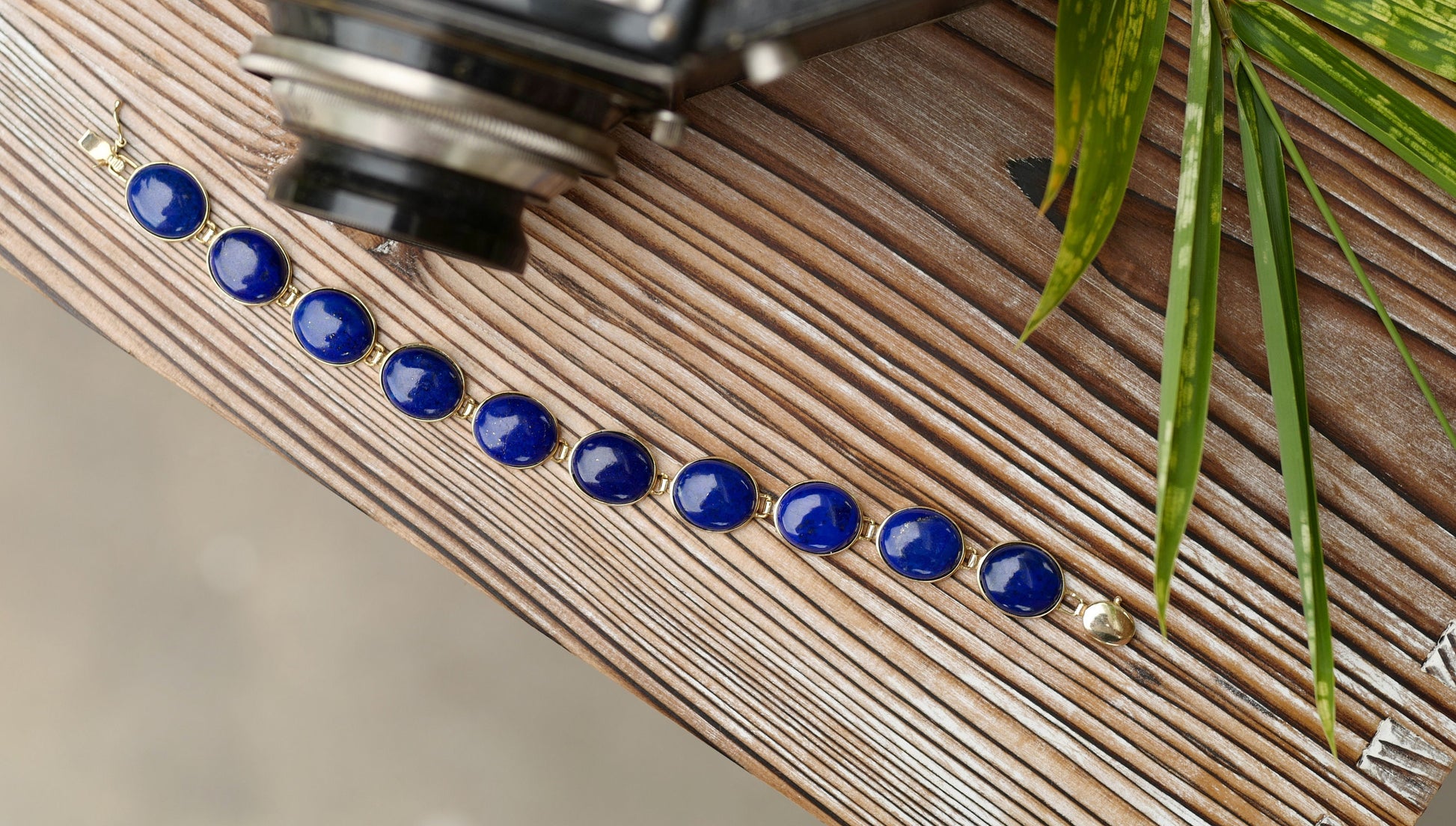 Ten, deep blue lapis stones, are framed in 14K soft yellow gold and linked together to form this beautiful bracelet. Perfect to layer with other chains - but also striking as a statement piece. The blue is so rich and elegant - it's sure to 'wow'! Each polished stone is 10mm x 12mm and some have sprinklings of gold flecks.
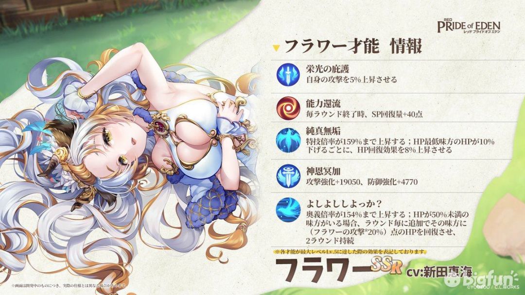 天使的圣裁:奥义倍率134%→154%,己方有HP未满50%单位时,每回合追加那名单位回复(弗劳尔攻击力*20%)HP,持续两个回合。
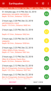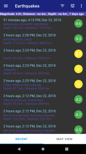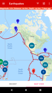 این برنامه آخرین زمین لرزه های سراسر جهان را در فهرست و روی نقشه نشان می دهد.

•••

• [REQUIREMENT] Nothing but the pictures should be left out when the material above is copied.

• [EXPECTED OUTPUT]
 Ten, deep blue lapis stones, are framed in 14K soft yellow gold and linked together to form this beautiful bracelet. Perfect to layer with other chains - but also striking as a statement piece. The blue is so rich and elegant - it's sure to 'wow'! Each polished stone is 10mm x 12mm and some have sprinklings of gold flecks.
 天使的圣裁:奥义倍率134%→154%,己方有HP未满50%单位时,每回合追加那名单位回复(弗劳尔攻击力*20%)HP,持续两个回合。
 این برنامه آخرین زمین لرزه های سراسر جهان را در فهرست و روی نقشه نشان می دهد.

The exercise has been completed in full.